Private communication from Lokki in response to my question about seat dip effect versus floor bounce: “Floor bounce is a single reflection that creates quite narrow (high Q) comb filter to the frequency response. The seat-dip effect is a combination of several phenomena, thus the dip has usually lower Q and it is only one dip, not a comb filter at higher frequencies.”
Lokki 2012
https://users.aalto.fi/~ktlokki/Publs/JASA_lokki2012.pdf
“The results show that the main discriminative attributes between halls are loudness, envelopment, and reverberance. The second large cluster of attributes consists of bassiness and proximity attributes. The third main perceptual dimension has definition and clarity attributes. The preference judgments were divided into two groups of assessors, the first preferring concert halls with loud, enveloping and reverberant sound. The second group preferred concert halls that render intimate and close sound with high definition and clear sound…high correlation between overall preference and subjective Proximity”

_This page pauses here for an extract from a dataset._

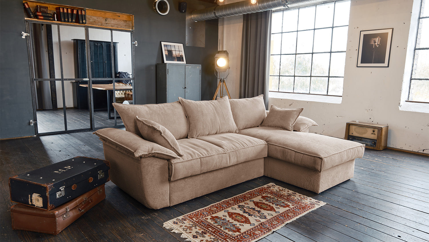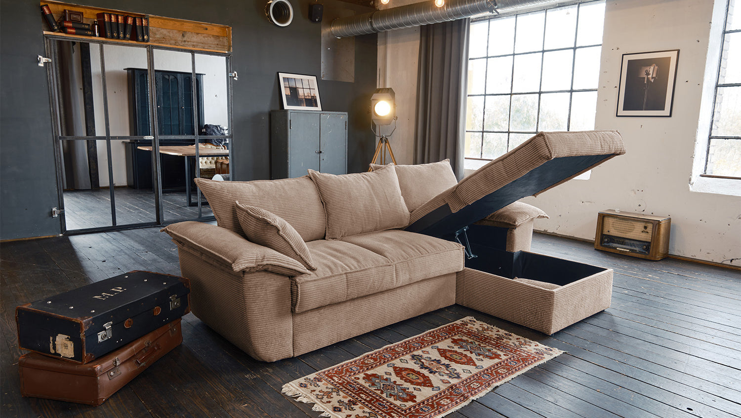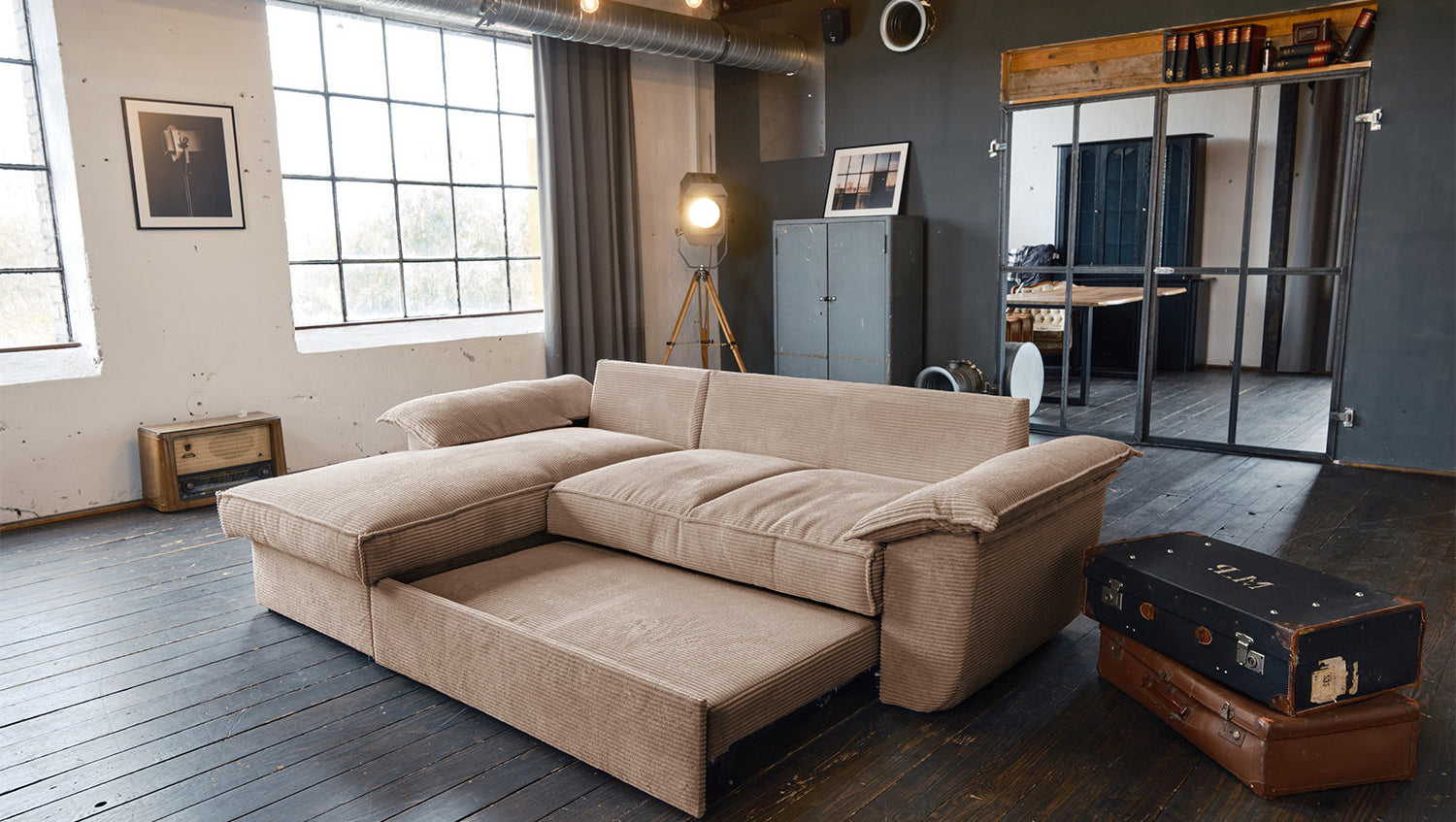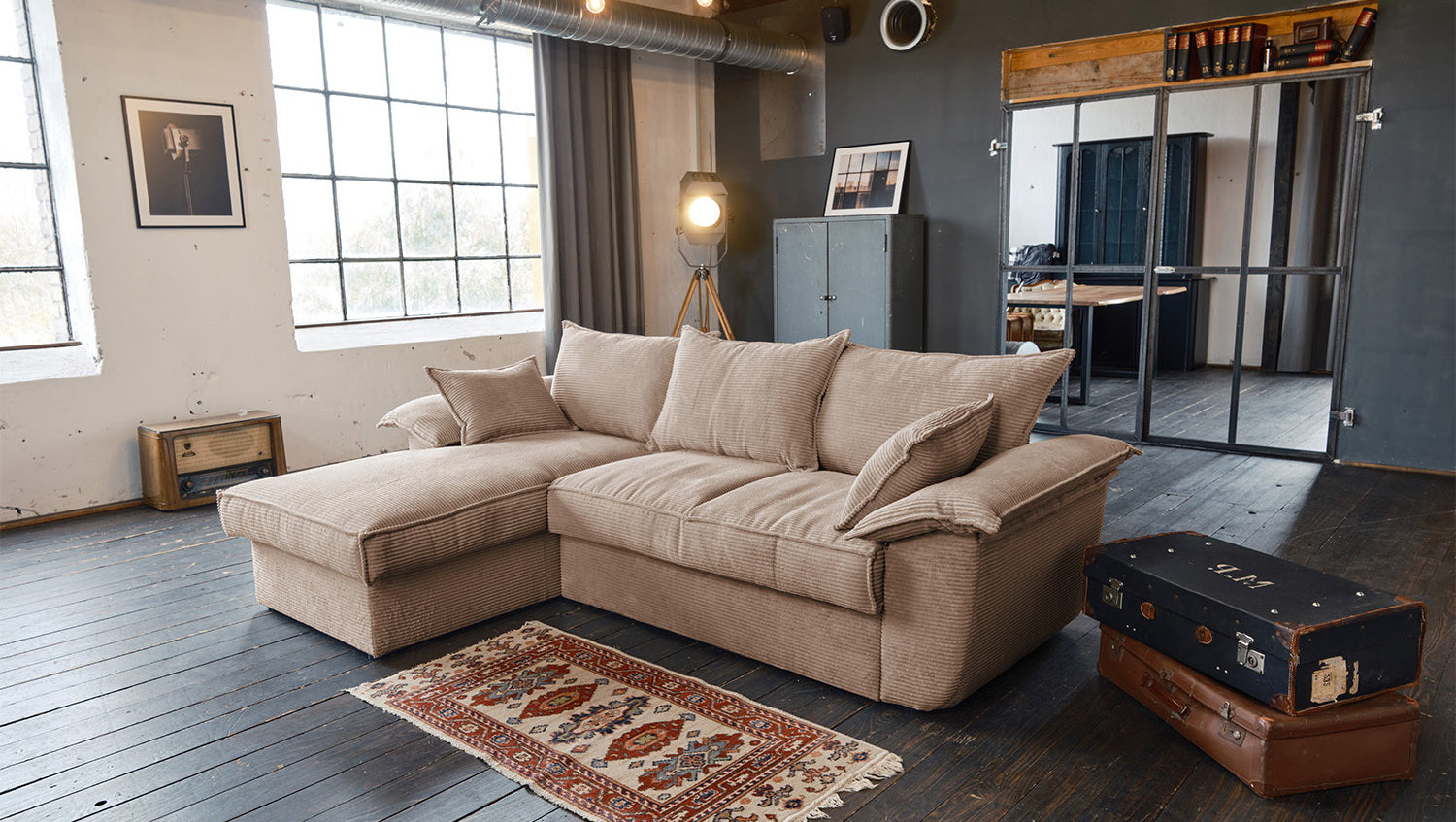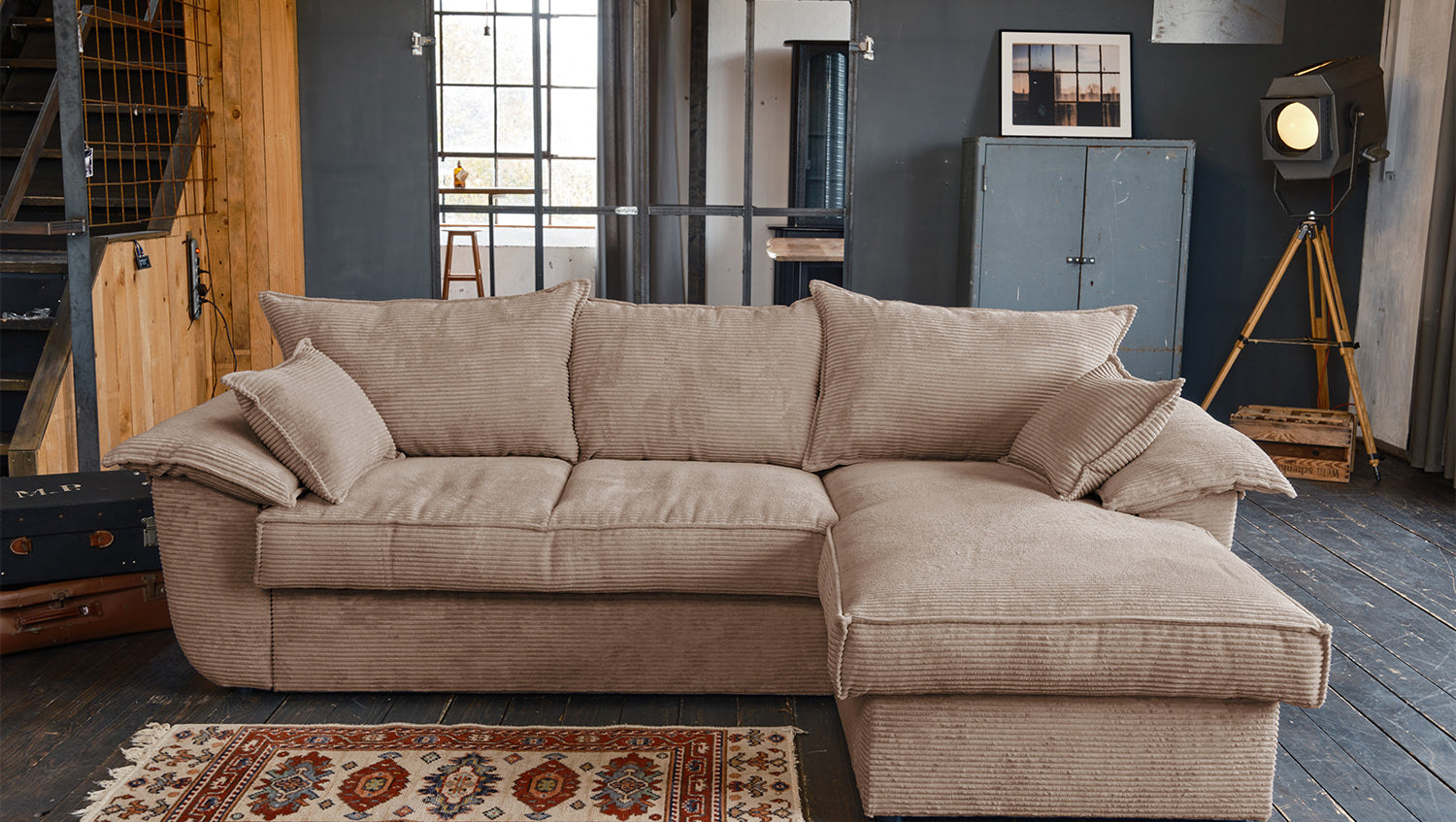 El sofá KAWOLA DAMETO es el nuevo todoterreno de nuestra gama. Con su moderno revestimiento de tela de pana, no sólo atrae todas las miradas, sino que su acolchado agradablemente suave también garantiza la máxima comodidad de asiento. Pero, sobre todo, convence por sus múltiples funciones adicionales. El sofá esquinero puede transformarse en un cómodo sofá cama en unos pocos pasos: basta con tirar de la parte inferior del sofá de 2 plazas hacia delante, plegarla hacia arriba y ¡listo! Pero eso no es todo: el sillón largo dispone de un generoso espacio de almacenamiento que puede abrirse sin esfuerzo abatiendo el asiento. El sillón largo también puede colocarse a ambos lados, lo que le ofrece la máxima flexibilidad para el diseño de su salón. Tanto a la izquierda como a la derecha, podrá adaptar fácilmente el sofá a su espacio. Cómodo, elegante, versátil y práctico, el sofá DAMETO se convertirá en la nueva estrella de su salón.

Concert hall attribute clusters
- Loudness/envelopment/reverberance: spaciousness, width of sound image
- Bassiness/proximity: warmth, intimacy, naturally close
- Definition/clarity: separating sound, focus and localization
- Majority (10/17): “Close sound with a lot of bass, loudness, envelopment, and reverberance. The definition is very low, but subjective clarity is very diverse within these three halls.”
- Minority (7/17): “They render the most intimate sound that contains enough bass and loudness. They have mild reverberance with well-defined sound.”
Lokki 2013
http://dx.doi.org/10.1121/1.4800481
Concert hall perceptual factors
- Loudness (Strength, Level, Intensity): The louder the better.
- Immersion (Presence, Intimacy, Envelopment, Spaciousness): Engaging and enveloping sound is interesting and desired.
- Spatial extent (Distance, Depth, Source width, Balance): Proximite and spatially balanced sound (no image shift) is good.
- Definition (Clarity, Articulation, Blend, Discrimination, Sharpness): Different instruments should have sharp articulation with a nice blend.
- Timbre (Openness, Brilliance, Balance, Warmth, Bassiness): Balanced frequency response with small emphasis on bass and enough high frequencies give open and brilliant sound.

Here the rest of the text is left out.